Datalaxy: A Constellation, That Can be Chaos, Unless…

As utopian as a world built on the fabric of data sounds, we cannot ignore the underbelly of privacy worries, security dangers.

New Update

As utopian as a world built on the fabric of data sounds, we cannot ignore the underbelly of privacy worries, security dangers and interoperability predicaments here. Are we overthinking about some Black Holes?


Scenario 1: Enter the NASA observatory where Greg Robinson walked in after being appointed as the director of the Webb program. After many giant struggles, the ambitious dream of sending the telescope into orbit around the sun was ignited again—and this time, it was onto his shoulders. It was project with a team of 10,000 people on a $10 billion project. There was no room for error or oversight now. And that’s what Robinson proved when he attacked the problems like the one sitting way deep into a bunch of loose screws and washers. Webb’s sunshield, a crucial structure of protection of the observatory from extreme temperatures – was supposed to unpack itself in outer space – so if the fasteners on the sunshield go loose – it is not just one screw gone wrong. It’s a scary domino effect—delaying the launch-date by months and ballooning the costs by millions. The answer – a blanket audit of the entire system—with no angle left. The paperwork against the hardware was checked at every level. So were the specifications, drawings, purchase requests, and other data entries. And thus—the problems were fixed. Leading all the way to big Christmas launch of Webb on Ariane 5.

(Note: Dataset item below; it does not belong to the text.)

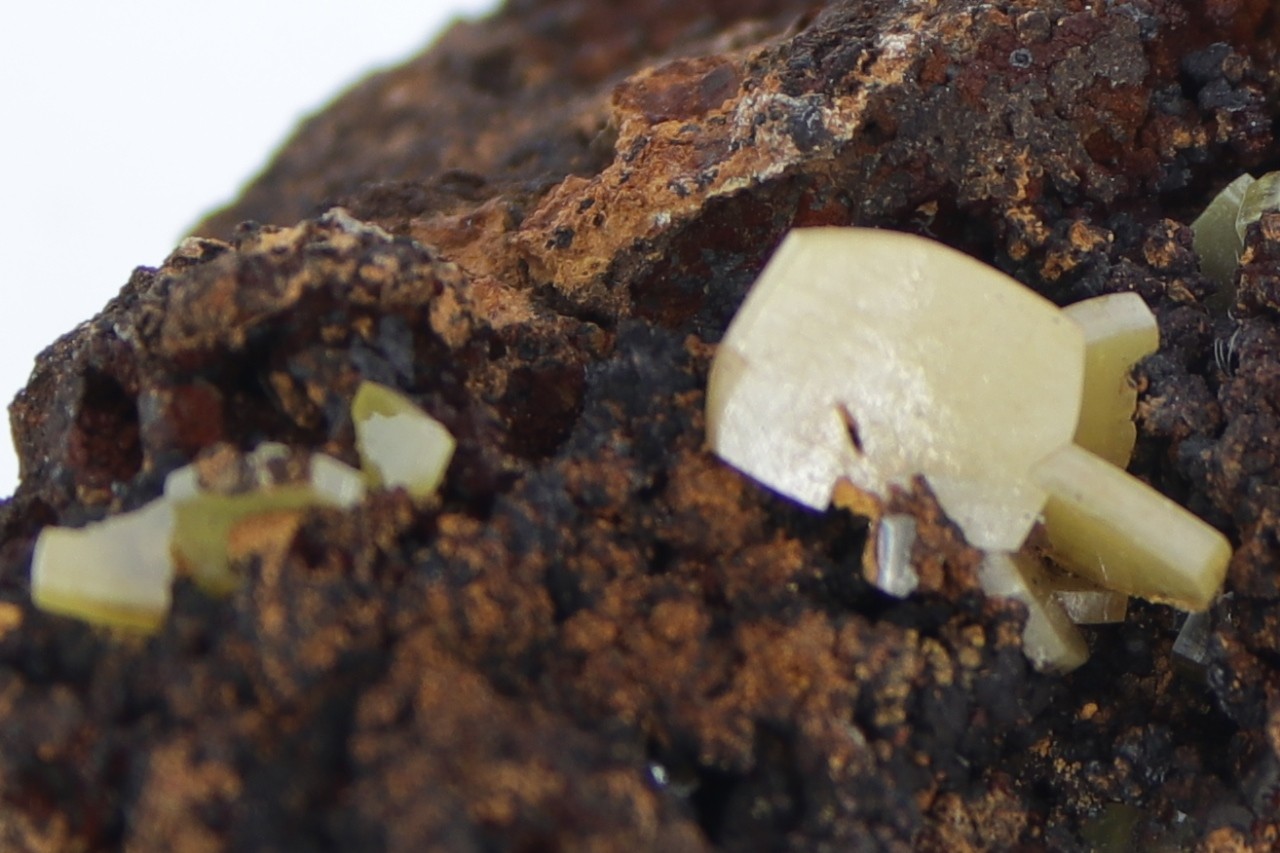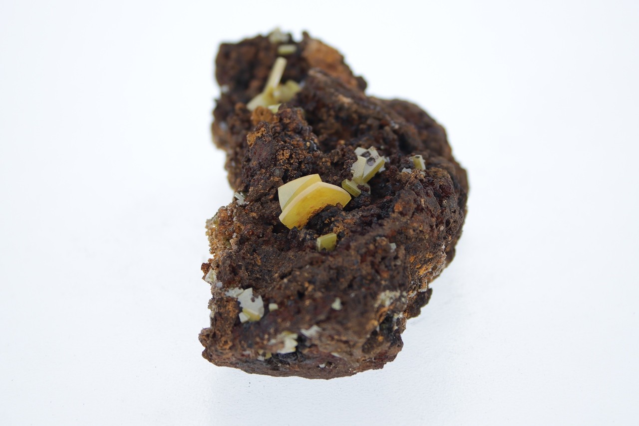 Gelbe tafelförmige Kristalle aus Bleimolybdat.

Scenario 2: In the recent Uber-files Pandora box, one can notice – among other surprising emails—the conversation about a ‘kill switch’. Looks like—in an attempt to throw transport officials, authorities and cops off the scent for investigations; the ride-hailing app came up with this switch. It worked – as per the leaked documents revealed to media—whenever a raid to any of the app’s office (like in France, Belgium, Netherlands, India, Hungary etc.) was about to happen. Apparently, instructions were sent to IT staff to cut off access to the company’s main data systems so that evidence could be rolled under the carpet. What’s even more surprising is that a spokesperson explained, as per media reports, that the switch software was discontinued in 2017 and should never have been used to thwart regulatory action.

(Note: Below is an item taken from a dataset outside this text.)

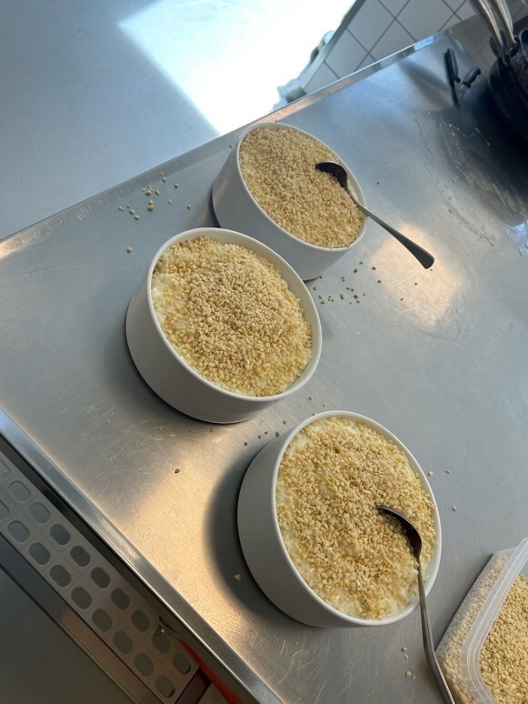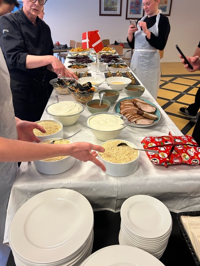 Vandaag zijn we viden djurs school geweest om met de Deense klas die meeging gerechten te maken. We hebben Carmel aardappel, rode kool, roasted pork belly met jus, hasselback aardappels, Rockefeller aardappels, rijstenpuddig met slagroom en kersensausen en mossel ravioli’s. We werden in teams gezet en ik zat in the chrismas diner team en moest ik met een andere Deense student het dessert maken (rijspudding met slagroom en kerssensaus). Het was best wel makkelijk om te maken maar de rijst was niet optijd koud genoeg waardoor iedereen zelf ze slagroom erbij moest mengen. Toen alles af was hebben we het met elkaar op gegeten. In het dessert zat ik een amandel die iemand moest vinden en die winde dan een prijs dat is dus een kerst traditie in Denemarken

Scenario 3: In a 2020 research data activist Anja Kovacs and researcher Tripto Jain from the Internet Democracy Project identified the current perception of data, i.e. as a resource, as one of the crucial problems plaguing existing consent regimes. They also demonstrated that data is increasingly functioning as an extension of, or even integral to our bodies. It’s a new revolution brewing that brings to fore the privacy abuse and safety issues that females, in particular, face as they see their social media or other tech-use data (Which they shared for a service) being exploited – against them.

Dhawal Mehta1

Dhawal Mehta1

“When you know to use data for customization and speed, it works wonders and helps to improve profitability even with a relatively smaller number of screens compared to the biggies in some cities.”

—  Dhawal Mehta, GM-IT, Miraj Cinemas


Can you see the common thread stitching all these scenarios together? Whether it’s a telescope or a corporate misdemeanor or a women safety issue – it all starts, and ends, with that one word—Data.

Goodbye Fossils. Hello Data

Yes, whether we are able to see and decipher it or not— data is going to rule everything about our imminent future. Collecting, sharing, collaborating and building up on data—all that will be the new blue that will cover our planet soon. Data used to be the ‘new fuel’. It is turning to be the ‘new water’. It would be almost hard to conceive a world where we can live without it.


Consider some glimpses.

Miraj Cinemas is able to give personalized services and unprecedented ease-plus-speed in F&B offerings (right to the seat level) by using data from QR and ticketing. Dhawal Mehta, GM-IT, Miraj Cinemas is upbeat about the use of technology to gain an edge over industry players with bigger footprints – scale and number of screens. “When you know to use data for customization and speed, it works wonders and helps to improve profitability even with a relatively smaller number of screens compared to the biggies in some cities.”

Dr. Sumit D Chowdhury, CTO, Wadhwani Institute of Technology and Policy and Founder of Gaia has lot to share from his hands-on experiences with smart cities. He cites examples like offline Data Repositories which help in understanding our environment. “The IUDX is a great example of Open Data platform where cities are collaborating with their data to be analysed by anyone with the right use-case. There are other uses cases that are available with Public Health, MNREGA and many other data-sets. But in the true sense these are not real-world models. They are just aggregated data from specific sources open for collaboration.”


In a smart project, the role of data becomes even more crucial. As Dr. Chowdhury explains, “Anything ‘Smart’ is, by my definition, a learning and evolving thing. A Smart City is a Learning and evolving city, a Smart Project by extension, is a project/infrastructure that is designed to be flexible, to have learning mechanism that will allow its rules to evolve. The only way to do it is to collect data before, and during, the project; and create inbuilt mechanisms of data collection in the infrastructure. The Data is then used to build a robust model that represents the universe. This model is then rolled out during the Smart Project to allow it to evolve over time with constant flow of information between the Data-verse Digital Twin and the Real World. Without data, all this is just not possible.”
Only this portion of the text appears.